I'm Smaller than Jax and I have Rail: Salt Lake City

August 10, 2007 10 comments Open printer friendly version of this article Print Article

TRAX is a two-line, 19 mile/24 station light rail system that began operating in Salt Lake City in 1999. As of July 2006, metropolitan Jacksonville had 210,275 more residents than metropolitan Salt Lake City.


2006 population comparison 

Jacksonville Metropolitan Area: 1,277,997

Salt Lake City Metropolitan Area: 1,067,722

Difference: Jacksonville +210,275

City of Jacksonville: 794,555

City of Salt Lake City: 178,858

Difference: Jacksonville +615,697


Salt Lake City light rail system map

The first line, running from downtown to Sandy, opened in 1999.  The second line opened in 2001, runs from downtown to the University of Utah.  This line was also extended to the University Medical Center in 2003.  Construction of a third line will begin in 2007 and finish by 2009.  A sales tax increase was passed in December 2006 to pay for four additional TRAX lines.


Planning, constructing and operating in less than 10 years 

Light rail was originally proposed in the early 1990's as an alternative to I-15 traffic congestion.  After the city won the bid for the 2002 Winter Olympics in 1995, the transportation authority leveraged the city's host status to accelerate Federal Transit Administration funding. Despite heavy criticism, construction began in 1997.  After its opening two years later, residents soon began to beg for extensions.

Despite initial skepticism, TRAX now enjoys broad support.  In 1999, a ridership of 15,000 a day was anticipated for the system. The rail system has been so popular with choice riders at over 60,000 passengers each day.



TRAX costs: From the start, TRAX has been highly successful.  Its total construction costs came in at $300 million, or $22.8 million per mile, making it $4 million per mile less expensive than our proposed 20 year dedicated busway system.  To date, ridership has exceeded projections by 40-50%.  To respond with the demand, headways have been shortened (i.e. frequency of train service was increased) and trains were lengthened at peak hours.



Expanding the concept of rail mass transit


The success of TRAX has opened the community's eyes to various forms of mass transit.  Instead of going with TRAX, there's now a study to introduce a streetcar line, using historic rail trolleys through the Sugar House neighborhood.  Construction has also started on a 44 mile double decker commuter rail line called the Front Runner.  When complete in 2009, it will include 9 stations and will connect TRAX/Downtown Salt Lake City to Provo, Utah.  Trains will run on 20 minute headways during peak hours and 40 minutes during off hours.  The construction of Front Runner has also spurred plans for extensive transit-oriented development around several stations.



The total cost of the 44 mile FrontRunner commuter rail line is $611 million dollars, or $13.9 million per mile.  Eighty percent is federal funding.

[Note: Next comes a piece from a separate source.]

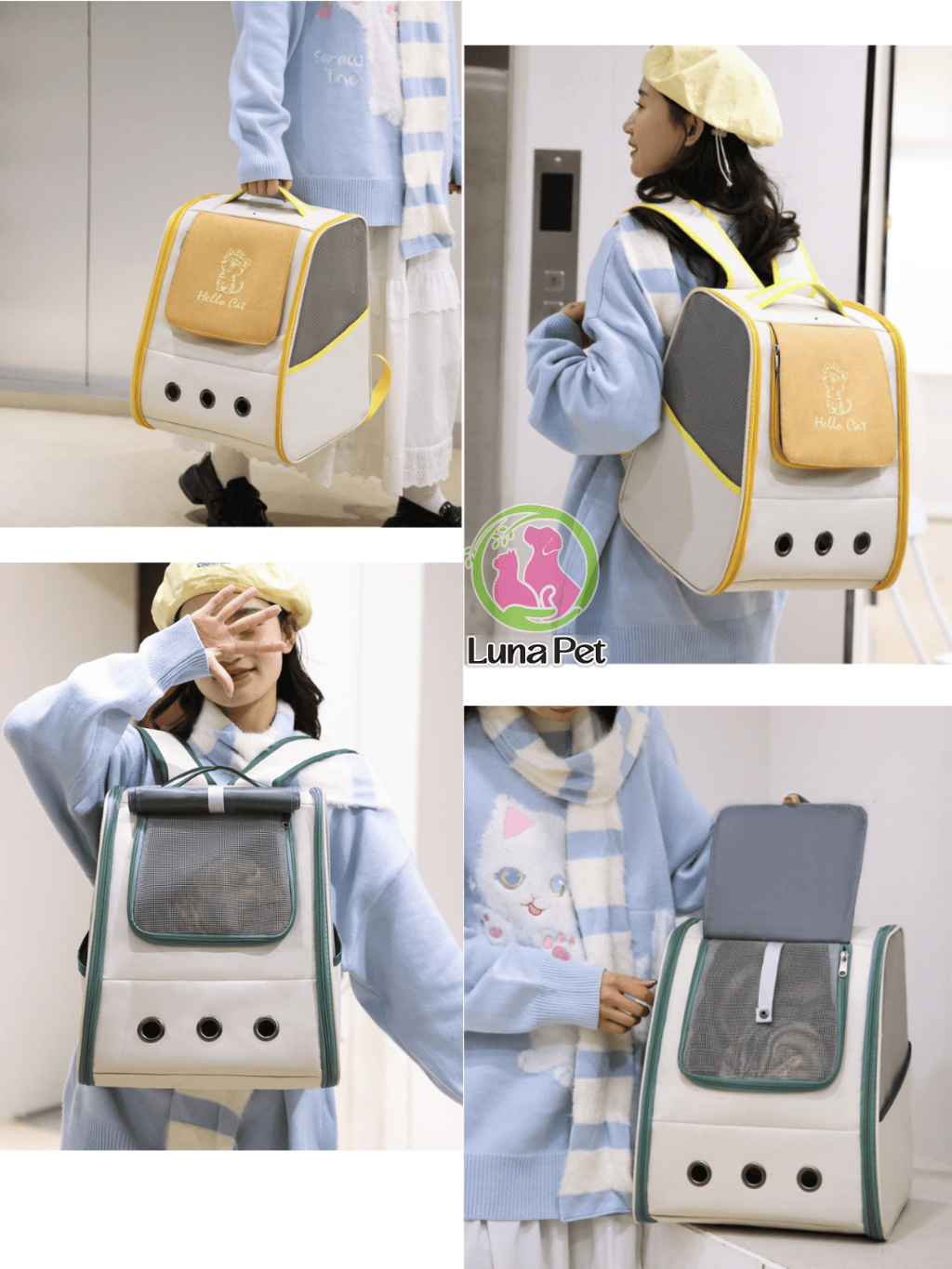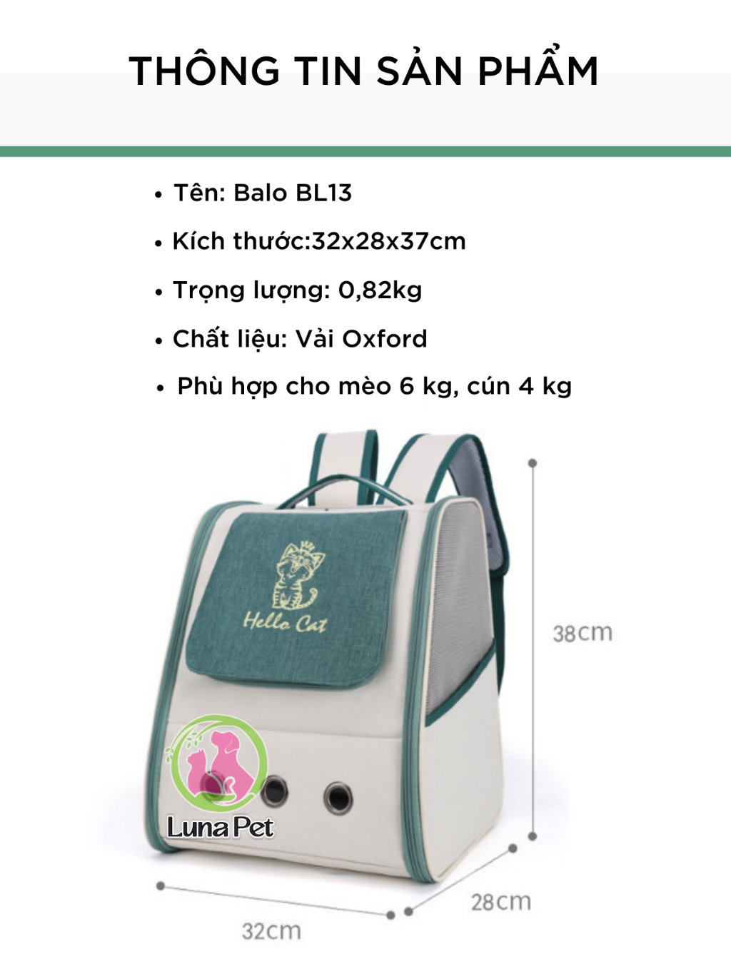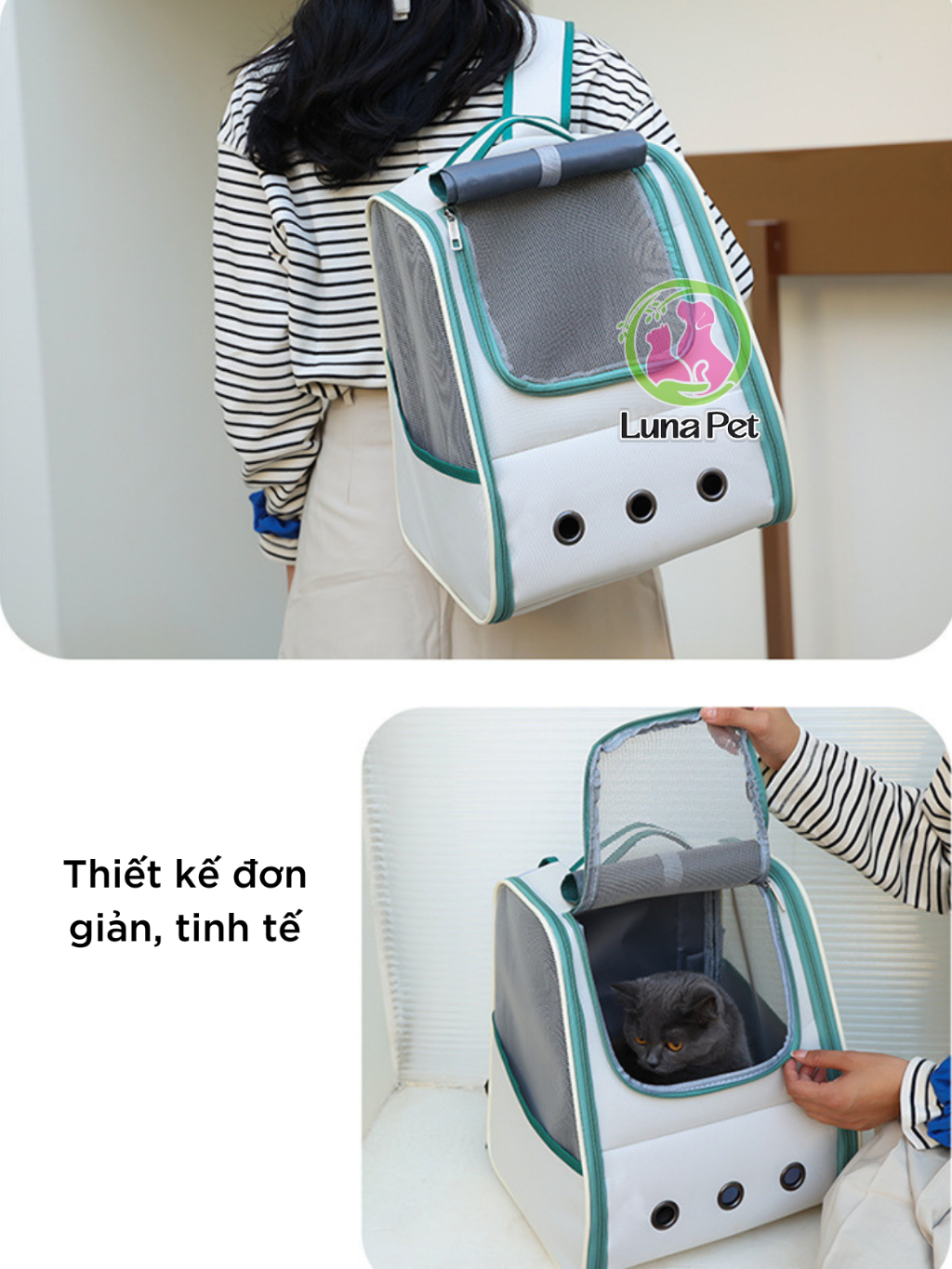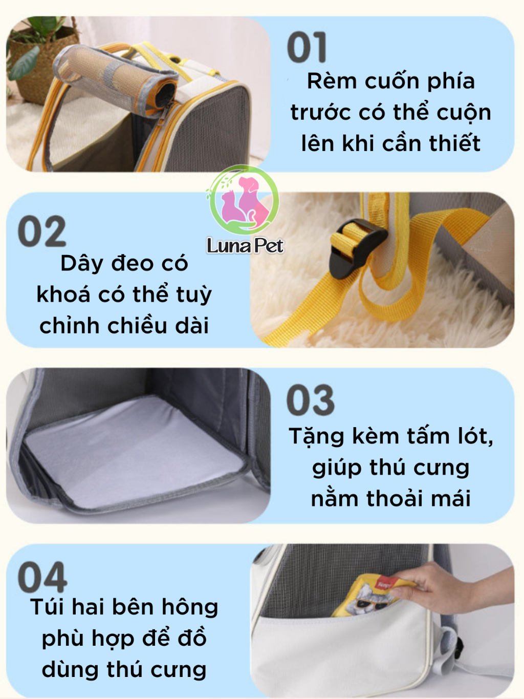 Balo cho mèo chó lớn Luna Pet BL13 - Balo vận chuyển thú cưng có rèm che nắng

By comparison, Jacksonville's 29 mile Bus Rapid Transit plan won't be fully operational until 2025 and will cost taxpayers $750 million, or $26 million per mile (roughly twice as much as SLC's FrontRunner).




Bus Rapid Transit in Salt Lake City:  There's also a bus rapid transit line in the works for 35th Street, stretching west from downtown.  However, buses will travel with regular traffic, using signal prioritization to move through the streets more quickly.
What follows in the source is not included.